- Supplied records -
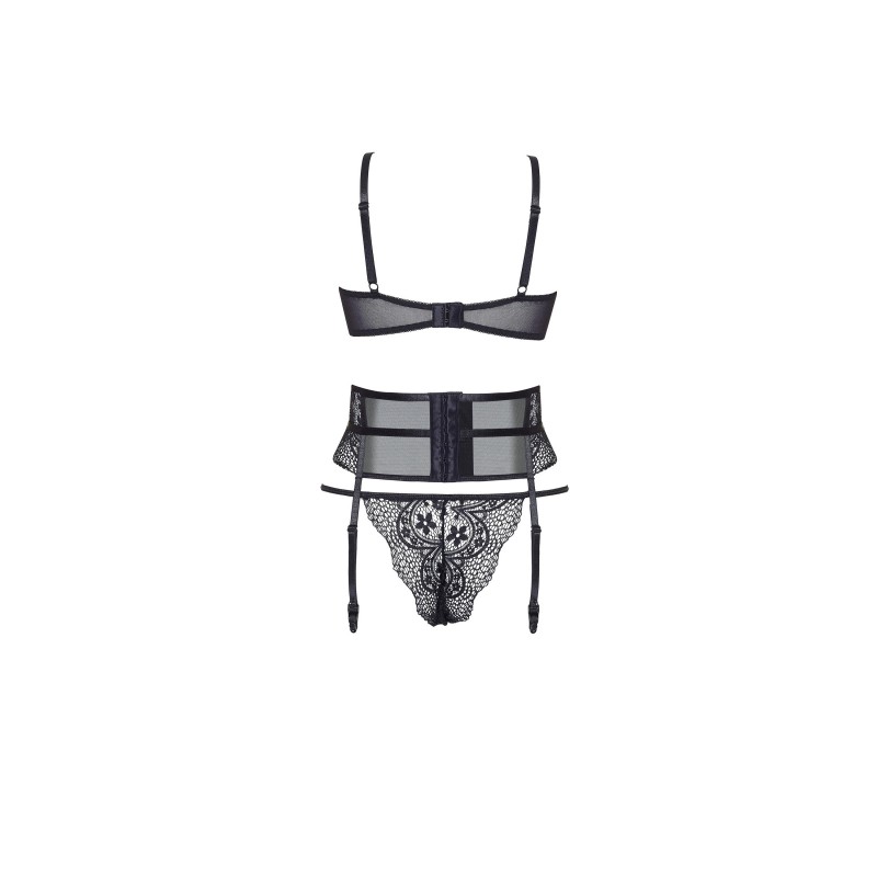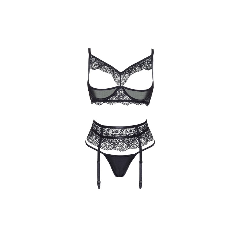 Conjunto de roupa interior preta de três peças clássico, mas ao mesmo tempo muito sexy. Sutiã aberto em renda e tule com aros. Um cinto de ligas vistoso preso com ganchos.
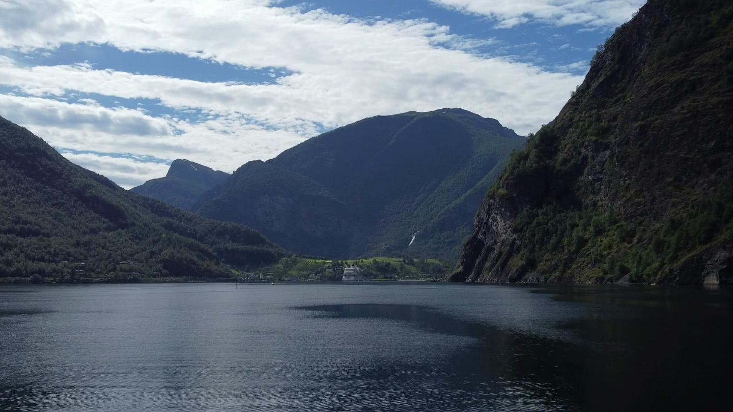 ノルウェー、アウルランドフィヨルド。アウルランドフィヨルドの終点にある村、フロムへ向かう船。ユネスコの世界自然遺産。
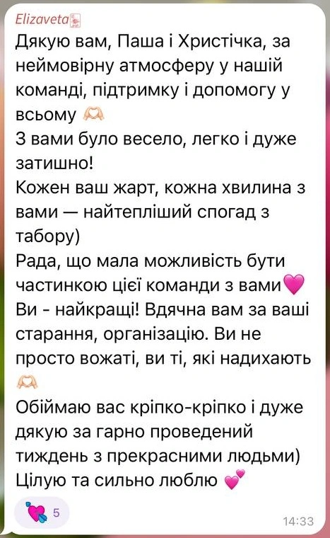 Як тільки аніматорам приходить сповіщення про тривогу, активності припиняються і всі прямують в надійне укриття на території. Телефони роздаються дітям для зв’язку з батьками. Наш пріоритет – забезпечити безпеку в разі будь-яких непередбачуваних ситуацій.
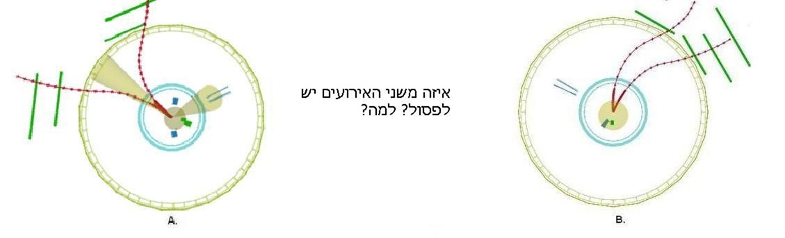 CMS Masterclass Documentation . אתם עומדים לחקור התפרקויות שמייצרות זוגות של מיואונים (muons) כדי להחליט אלו אירועים מהווים מועמדים לתהליך היווצרות של חלקיק J/Ψ (מֶזוֹן charm-anticharm או, בעברית, קֶסֶם-אנטיקסם). לאחר מכן תצרו, עבור אירועים שעברו את "טריגר התלמיד", היסטוגרמה במטרה לחשב את מסת החלקיק. רקע כאשר חלקיק J/Ψ מתפרק, הוא מייצר בדרך כלל זוג של מיואונים. התבוננו בקפידה בשני האירועים שלמטה. האם תוכלו למצוא עדות לזוגות של מיואונים (עקבות אדומות) באחד האירועים או בשניהם? האם אחד מהם מהווה מועמד לתהליך J/Ψ? האם העדות חלשה או חזקה? באיזו מידה אתם בטוחים במסקנה שלכם?
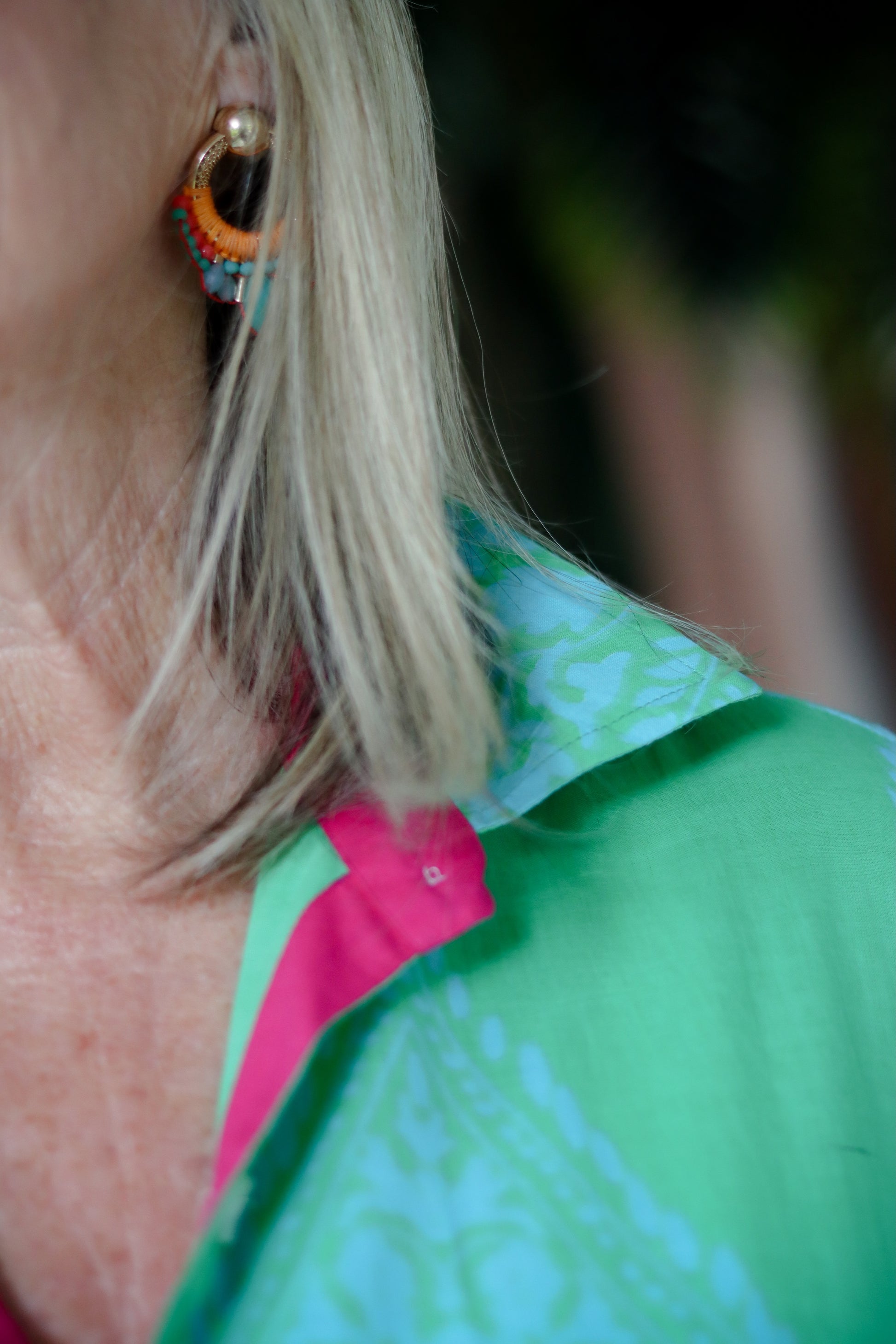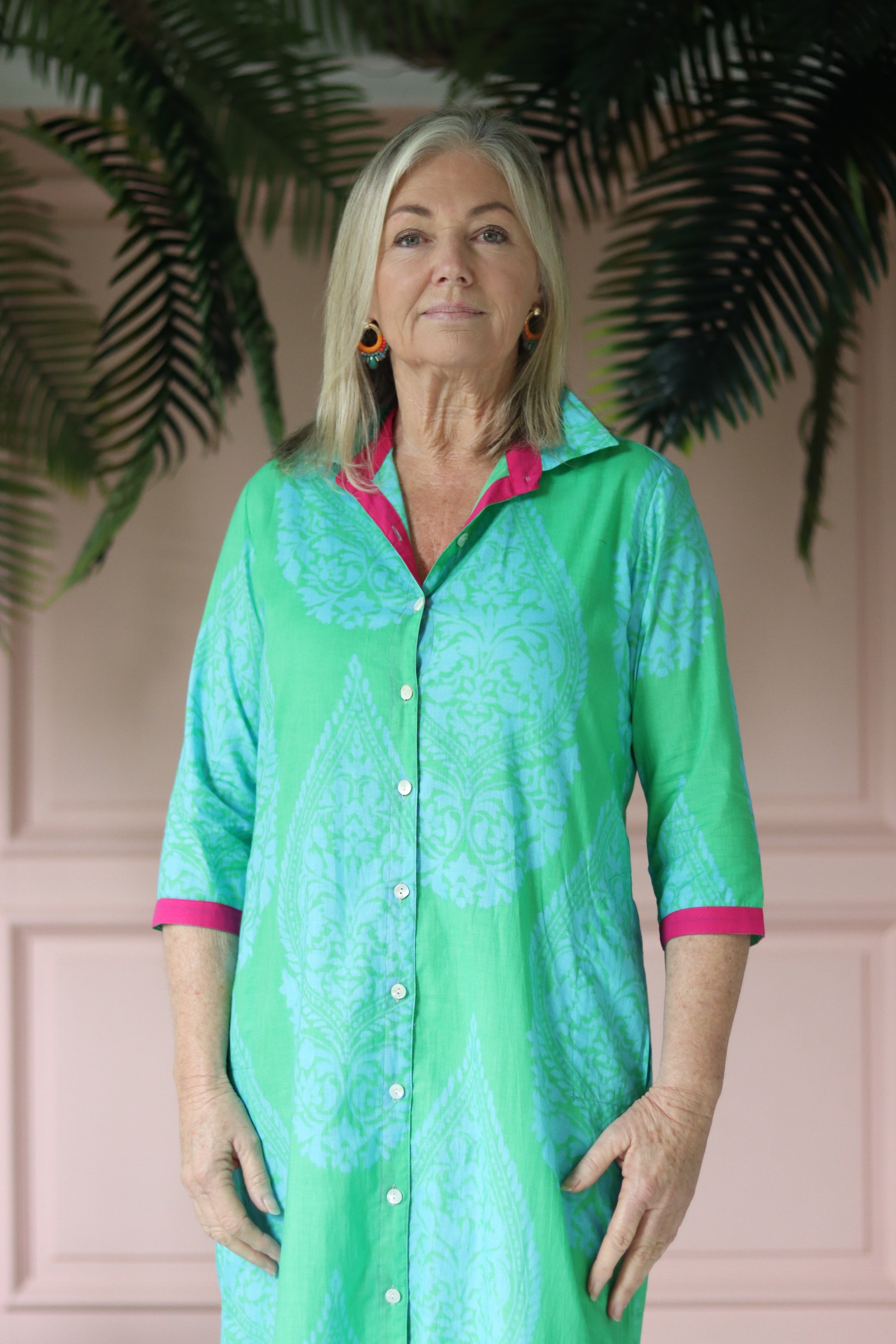 Step into the Alley Shirt Dress Green & Turquoise and enjoy effortless elegance with a pop of colour.
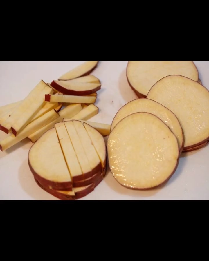 ①さつまいもは3〜5mm幅の輪切りにしてから更に細切りにし、水にさらす。
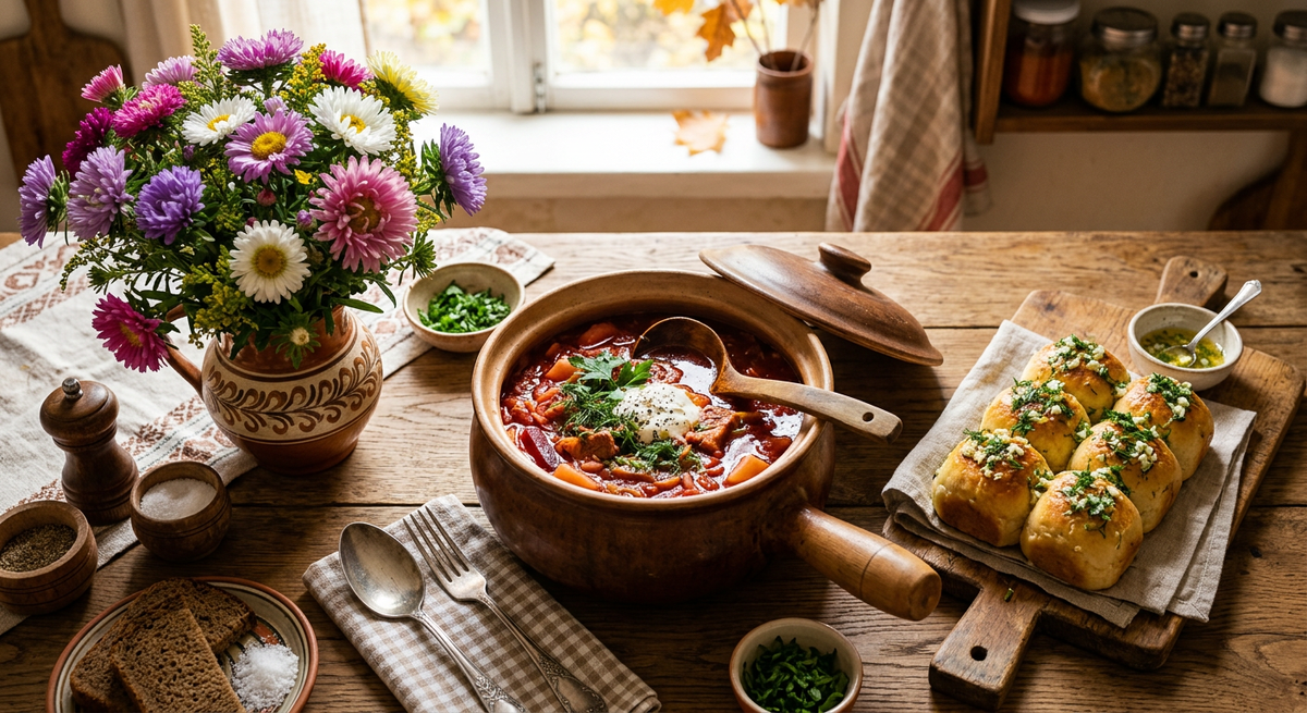 Я помню это с детства — запах, от которого просыпался весь дом. Свёкла, томат, укроп, чеснок. Мама стояла у плиты с шести утра. Тёрла свёклу вручную — комбайн не признавала, говорила, что он убивает вкус. Лепила пампушки — круглые, мягкие, с корочкой. Натирала их чесночным маслом.
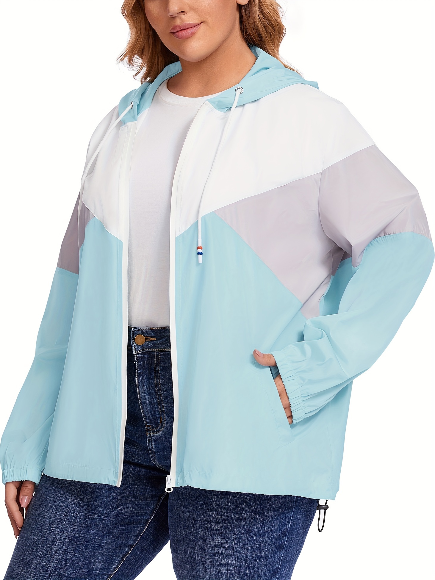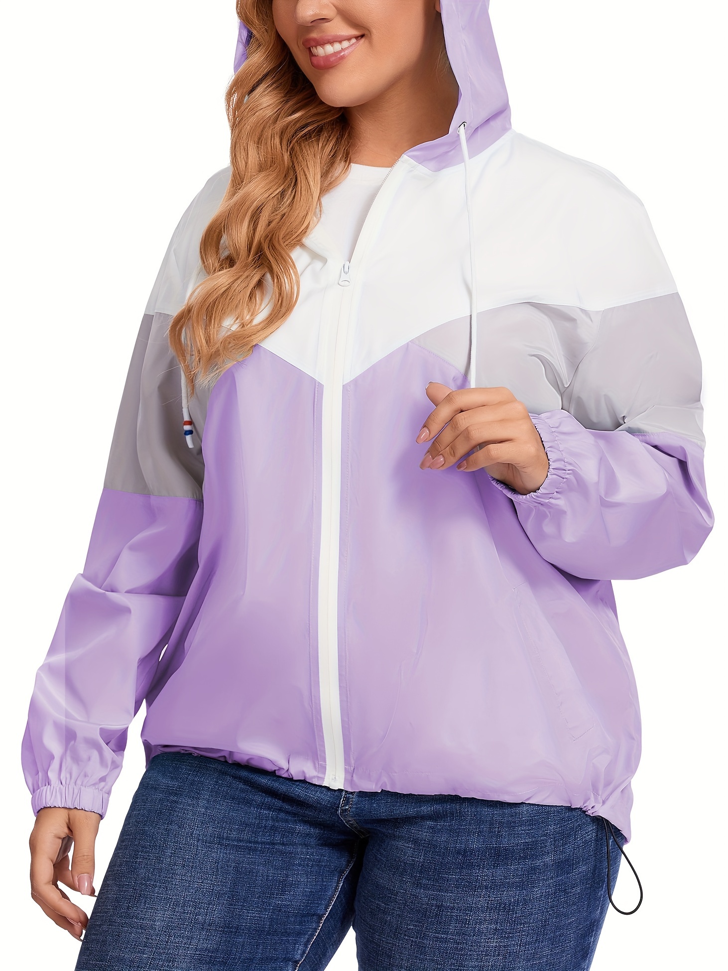 Plus Size Raincoat, Women Water Resistant Rain Jacket, Packable, Outdoor Hooded Windbreaker For Women

- Goal of the exercise -
The required output is the exact run of lines from the start of the records through the line containing "ノルウェー、アウルランドフィ", both ends included, with no pictures.

- Written answer -
 Conjunto de roupa interior preta de três peças clássico, mas ao mesmo tempo muito sexy. Sutiã aberto em renda e tule com aros. Um cinto de ligas vistoso preso com ganchos.
 ノルウェー、アウルランドフィヨルド。アウルランドフィヨルドの終点にある村、フロムへ向かう船。ユネスコの世界自然遺産。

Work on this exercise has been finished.